His sword was a rapier. It was light, thin, vulnerable to a blow from something heavy, but as a stabbing weapon it was unsurpassed. The point sank into the bulk of the man’s bicep so smoothly that he did not start yelling until Quin pulled it back in a flowing fencer’s move and then slashed at his face when the man spun round to face him. The cut was just where he had intended, across the forehead so blood flowed down into the man’s eyes, blinding him.
One down,
no, two. Cleo was fending off one man while the one she had hit with the cobble was on his knees, arms over his head, as Maggie pelted him with everything she could reach, from stones to what looked like a dead rat.
Cleo had been right, Blue Neckerchief was the leader. He stepped back, eyes flickering from side to side and let the one Quin thought of as Bloody Hand pick up the fight.

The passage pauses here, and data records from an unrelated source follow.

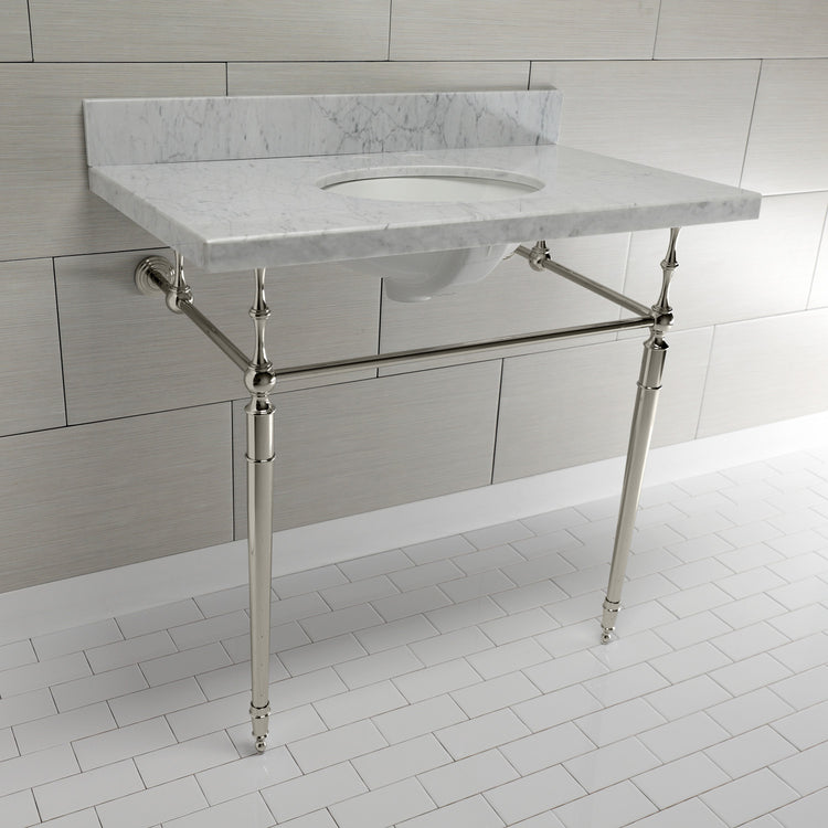 Kingston Heirloom KVPB3622M86 - Edwardian 36-Inch Carrara Marble Console Sink with Brass Legs (8-Inch, 3-Hole), Carrara Marble White/Polished Nickel
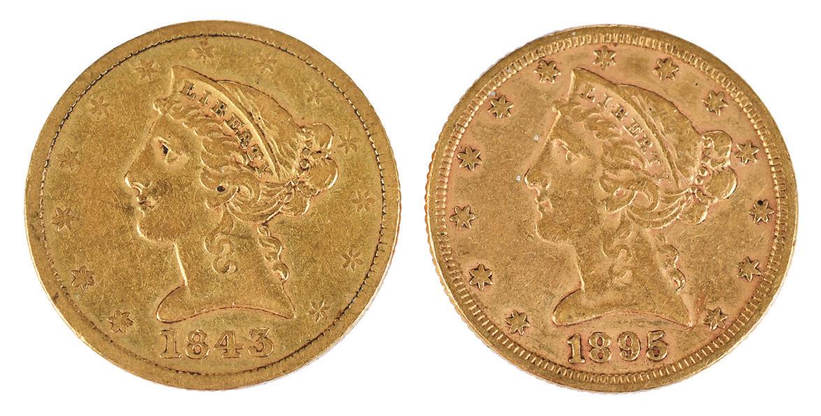$5 Half Eagle Gold Coins: 1843 and 1895 two Philadelphia Mint examples, each XF with minor marks
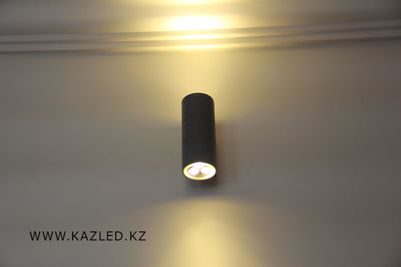 Светильник декоративный, настенный. Двухлучевой. Цвет корпуса серый. Рабочее напряжение 90 - 260 В. Степень защиты IP 65. Мощность 12 Вт. Размеры 90 Х 260 мм. Цвет теплый белый или холодный белый
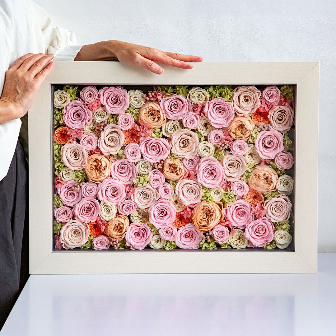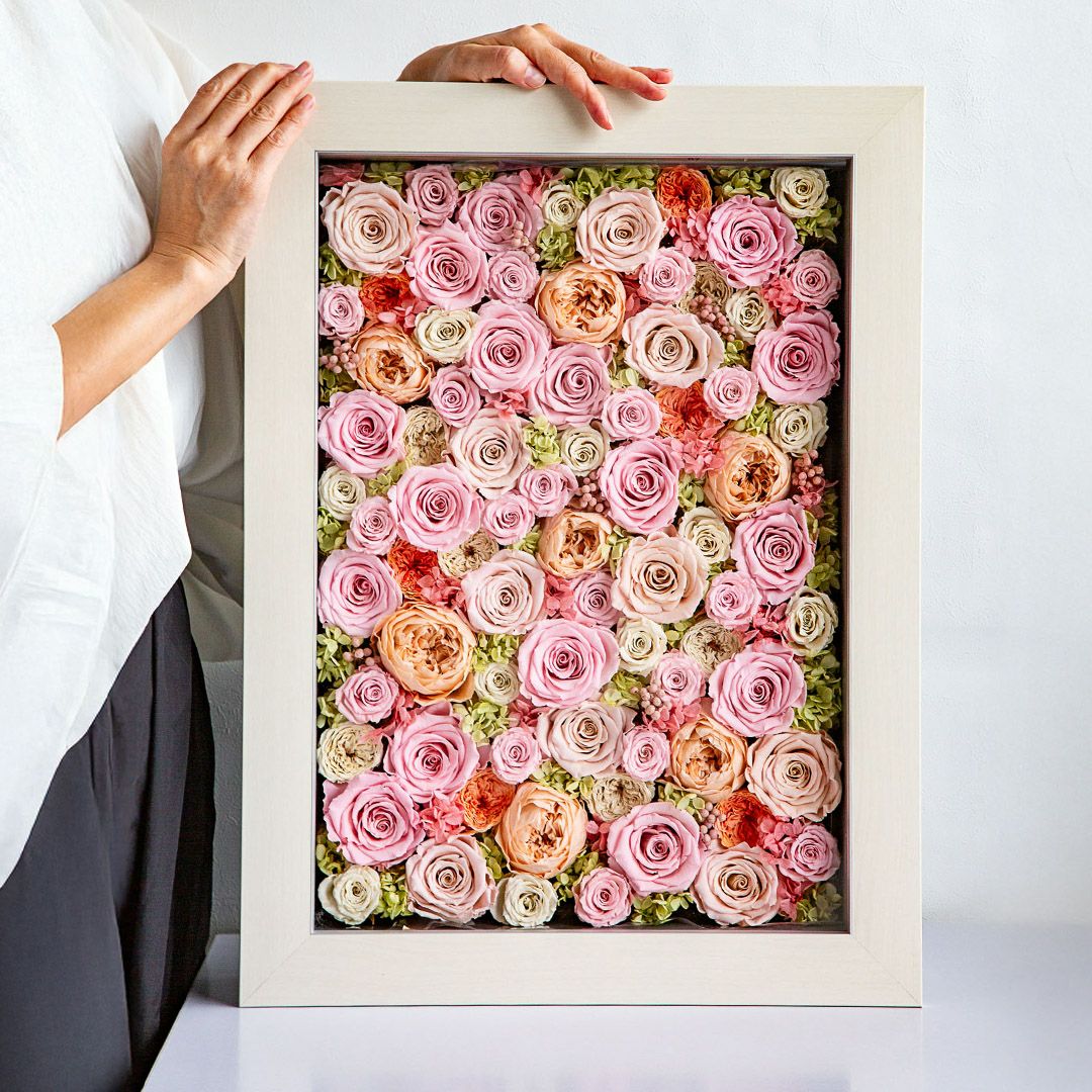 縦でも横でも飾ることができる洗練されたデザインと、高級なプリザーブドローズが贅沢に敷き詰められた豪華さが人気の理由。受付やちょっとしたコーナーなどの限られたスペースでも存在感を放ち、華やかさを演出してくれます。

‘Run while you can, my friends,’ Quin advised and shifted position so he could keep both men in view at once, rapier raised in a textbook pose. He wanted them to think he was an academic fencer. Bloody Hand spat on the cobbles, then shifted his knife and came in fast. Quin lifted his weapon out of the way, spun round and kicked, hard and accurately, and the man collapsed on the cobbles, clutching his groin and retching. His knife clattered away, skidding on the stones, and Cleo lunged for it, grabbed it and tossed it back to Quin, who caught it left-handed.
No point in pretending now that he didn’t know how to fight dirty. Blue Neckerchief pulled a short cosh from his pocket and edged forward, grinning a gap-toothed smile of pure malice. He was clearly not happy about losing his prey, still less having three of his men injured, but he was plainly looking forward to gutting Quin.
‘Come on,’ Quin encouraged him. ‘Or are you only capable of attacking girls? And you need your friends to help you with—’ He broke off as the man barrelled forward, stabbing with the knife while he beat at the slender blade of the rapier with the cosh.
The second it touched the sword Quin tossed the weapon away, throwing the man fractionally off balance, then spun out of the way of his thrusting blade. Quin brought his clenched left fist, holding the knife hilt, down on the angle between neck and shoulder and felt the collarbone break. The man fell to his knees and Quin followed through with a right hook to the jaw as he went down.
Chapter Fifteen
Quin looked round at a frozen tableau. Four men on the ground, Maggie, a cobblestone clutched in her fist, and Cleo, his rapier in her hand, poised like an avenging Fury.
‘Thank you,’ he said as he got his breath back and held out his hand for the sword.
She passed it to him, her face white under the golden tan. ‘No, thank you.’ Then she ran to Maggie’s side and helped her to her feet.
‘Bloody hell,’ Maggie said, hopping on one foot. ‘Cracked my ankle bone, the—’ The string of curses she produced were hopefully unintelligible to Cleo. Some of them were new to Quin.
‘I’ll carry you.’ He sheathed the rapier, scooped her up in his arms and looked round for Cleo, who was gathering up scattered belongings. ‘Come on, before the neighbours decide to come out and join in.’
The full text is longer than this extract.